= Beginning of Section =

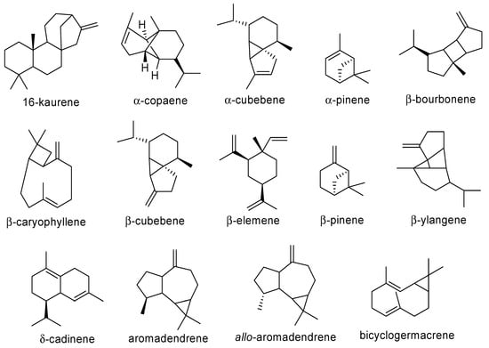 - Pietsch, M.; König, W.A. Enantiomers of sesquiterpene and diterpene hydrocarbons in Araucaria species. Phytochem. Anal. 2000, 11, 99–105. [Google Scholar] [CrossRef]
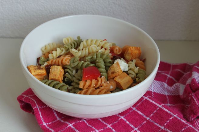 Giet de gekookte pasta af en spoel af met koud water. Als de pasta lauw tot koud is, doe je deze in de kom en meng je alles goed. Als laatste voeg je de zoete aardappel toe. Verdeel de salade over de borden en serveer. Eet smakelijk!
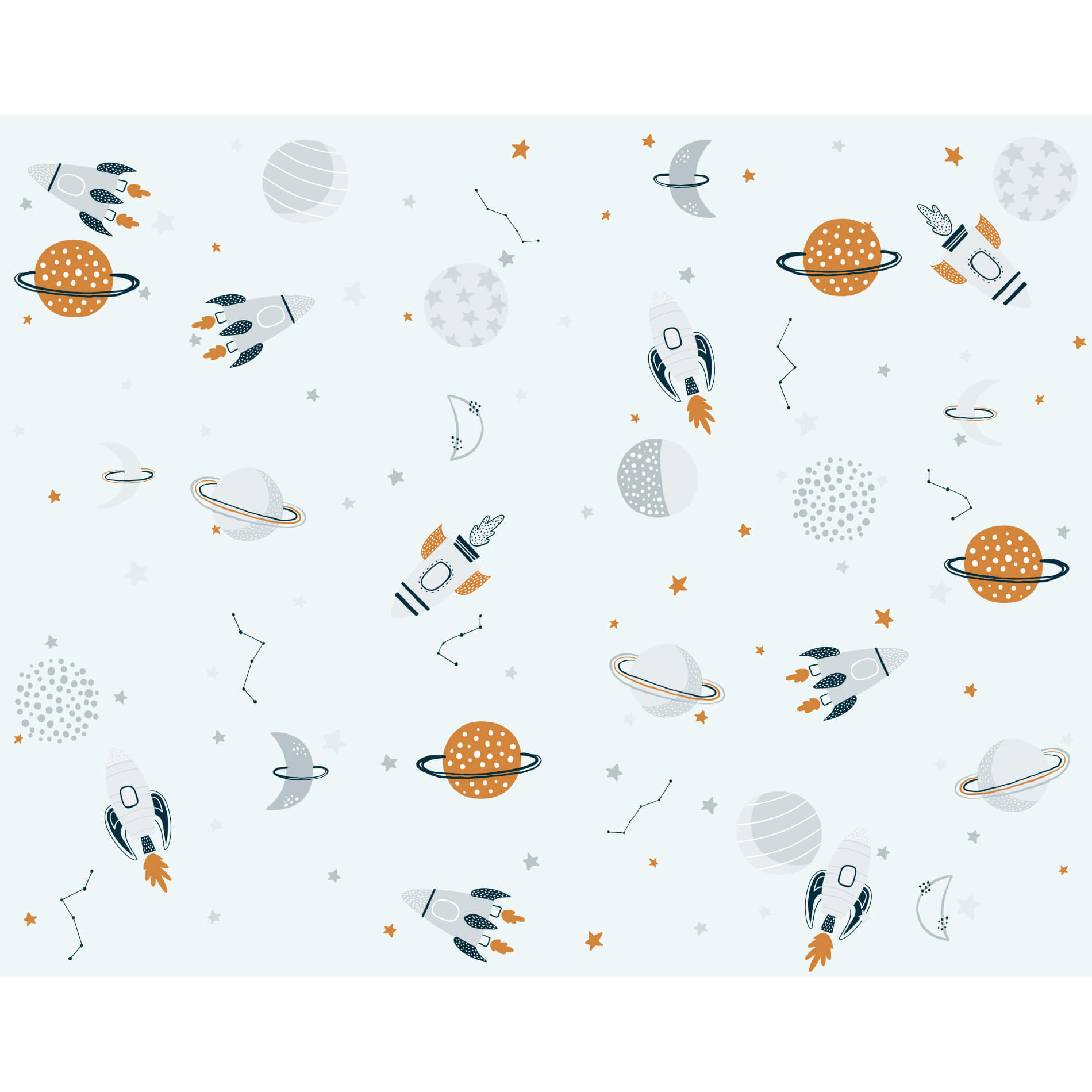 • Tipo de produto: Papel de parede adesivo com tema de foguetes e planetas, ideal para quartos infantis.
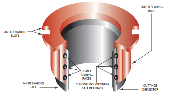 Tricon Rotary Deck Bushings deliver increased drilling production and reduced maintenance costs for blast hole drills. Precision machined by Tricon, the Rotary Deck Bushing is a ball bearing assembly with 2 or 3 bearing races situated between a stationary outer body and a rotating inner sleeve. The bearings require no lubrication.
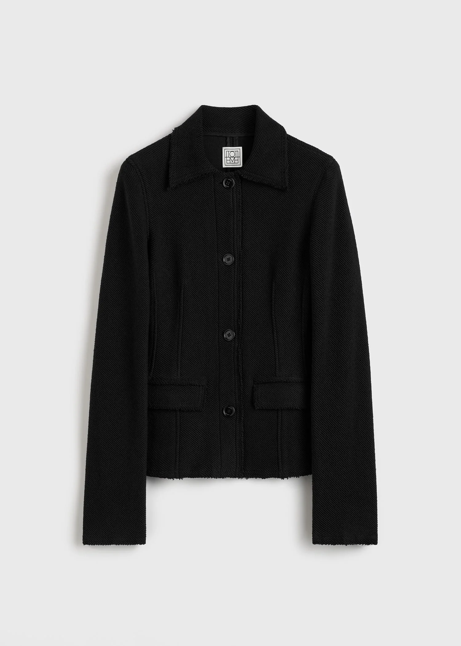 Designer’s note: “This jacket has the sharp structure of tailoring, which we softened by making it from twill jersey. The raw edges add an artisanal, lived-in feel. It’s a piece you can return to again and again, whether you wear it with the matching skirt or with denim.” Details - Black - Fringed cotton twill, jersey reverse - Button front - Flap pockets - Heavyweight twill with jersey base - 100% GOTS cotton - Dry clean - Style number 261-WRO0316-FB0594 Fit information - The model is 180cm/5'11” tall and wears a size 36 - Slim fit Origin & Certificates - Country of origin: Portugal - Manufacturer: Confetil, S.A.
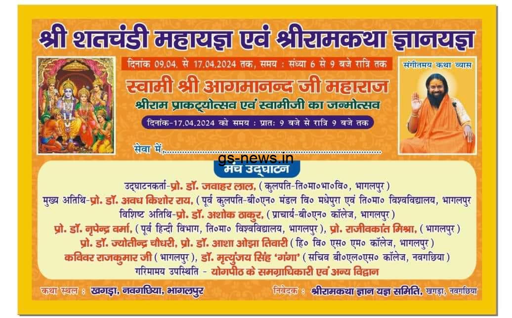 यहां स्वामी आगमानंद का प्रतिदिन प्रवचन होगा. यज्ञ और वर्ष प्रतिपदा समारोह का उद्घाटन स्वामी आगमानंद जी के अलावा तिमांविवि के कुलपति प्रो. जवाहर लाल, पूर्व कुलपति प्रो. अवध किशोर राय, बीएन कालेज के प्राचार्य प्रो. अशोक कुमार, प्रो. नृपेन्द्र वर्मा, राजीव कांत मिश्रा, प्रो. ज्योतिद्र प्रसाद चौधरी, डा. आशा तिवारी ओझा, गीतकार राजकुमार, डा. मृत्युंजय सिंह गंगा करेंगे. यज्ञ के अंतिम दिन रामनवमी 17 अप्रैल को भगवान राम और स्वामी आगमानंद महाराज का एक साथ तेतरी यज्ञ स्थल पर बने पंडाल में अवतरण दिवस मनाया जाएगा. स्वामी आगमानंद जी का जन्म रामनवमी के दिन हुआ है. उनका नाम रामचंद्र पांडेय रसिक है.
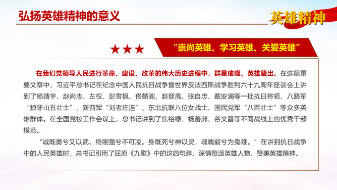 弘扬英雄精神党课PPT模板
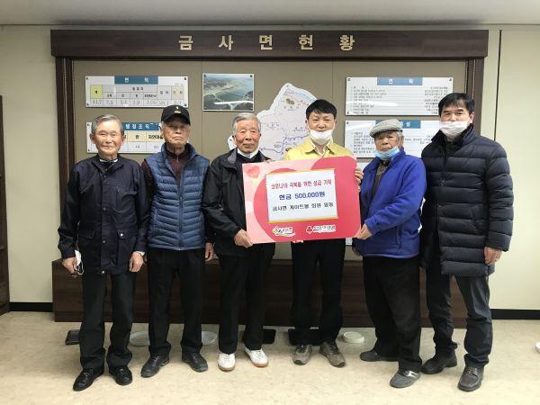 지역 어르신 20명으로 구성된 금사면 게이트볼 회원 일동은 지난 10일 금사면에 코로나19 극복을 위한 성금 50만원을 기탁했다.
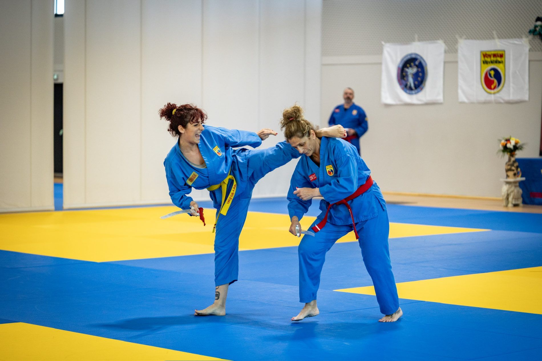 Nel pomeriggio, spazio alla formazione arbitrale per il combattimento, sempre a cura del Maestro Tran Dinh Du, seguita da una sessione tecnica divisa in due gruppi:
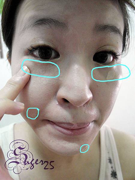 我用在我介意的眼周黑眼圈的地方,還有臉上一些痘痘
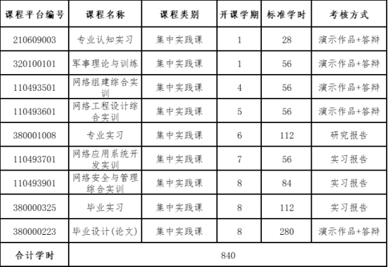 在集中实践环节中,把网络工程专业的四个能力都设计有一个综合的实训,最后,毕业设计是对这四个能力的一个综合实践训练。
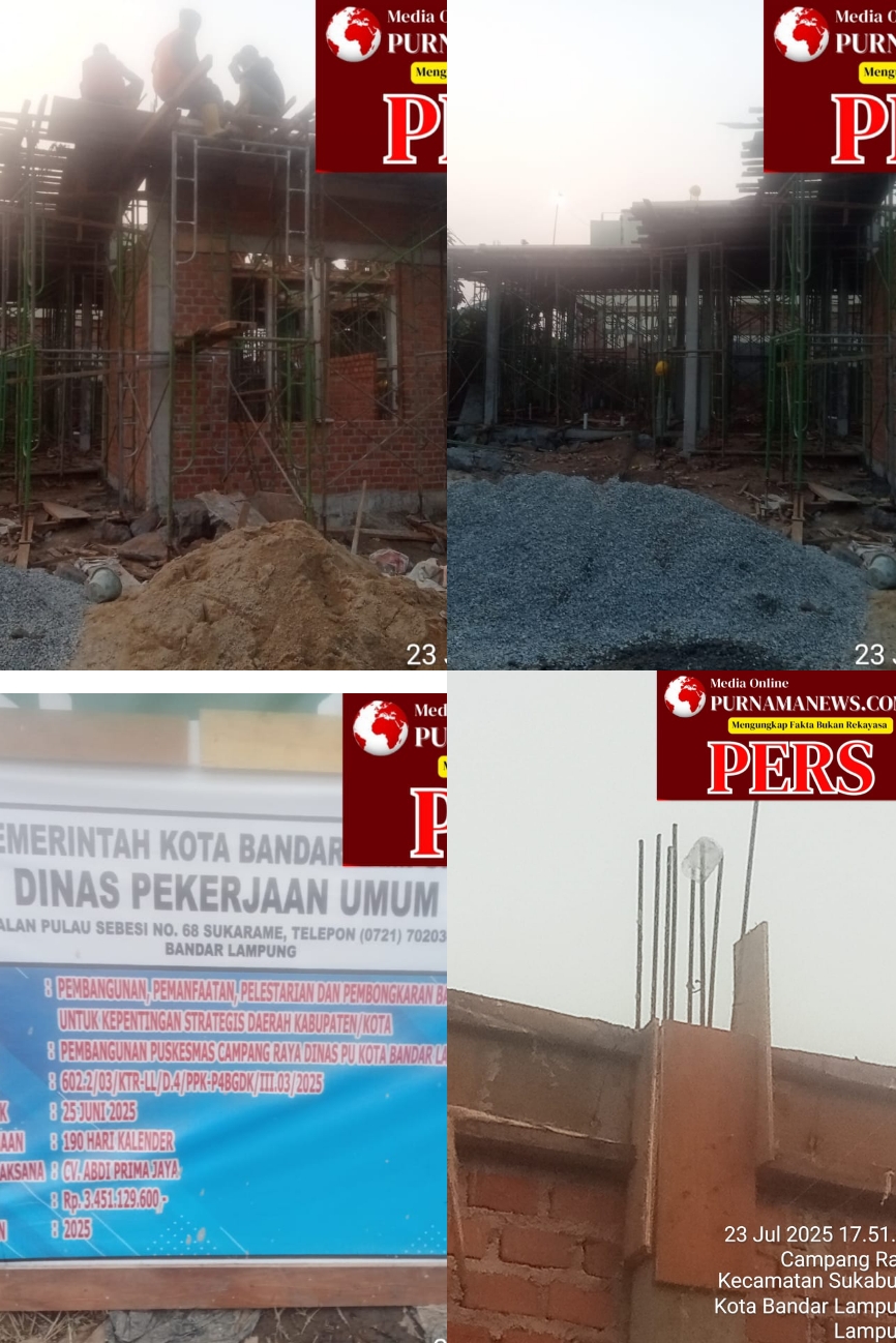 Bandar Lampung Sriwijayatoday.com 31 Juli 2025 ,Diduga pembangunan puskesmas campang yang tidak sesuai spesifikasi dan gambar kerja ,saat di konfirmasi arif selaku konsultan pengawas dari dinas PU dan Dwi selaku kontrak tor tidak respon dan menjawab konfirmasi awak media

= End of Section =

## WORK REQUEST:
Find the line containing "我用在我介意的眼周黑眼圈的地方,還有臉上一些痘痘" in the listing above. Restate it and every line after it, word for word, through the final line, leaving out the pictures.

## WRITTEN ANSWER:
 我用在我介意的眼周黑眼圈的地方,還有臉上一些痘痘
 在集中实践环节中,把网络工程专业的四个能力都设计有一个综合的实训,最后,毕业设计是对这四个能力的一个综合实践训练。
 Bandar Lampung Sriwijayatoday.com 31 Juli 2025 ,Diduga pembangunan puskesmas campang yang tidak sesuai spesifikasi dan gambar kerja ,saat di konfirmasi arif selaku konsultan pengawas dari dinas PU dan Dwi selaku kontrak tor tidak respon dan menjawab konfirmasi awak media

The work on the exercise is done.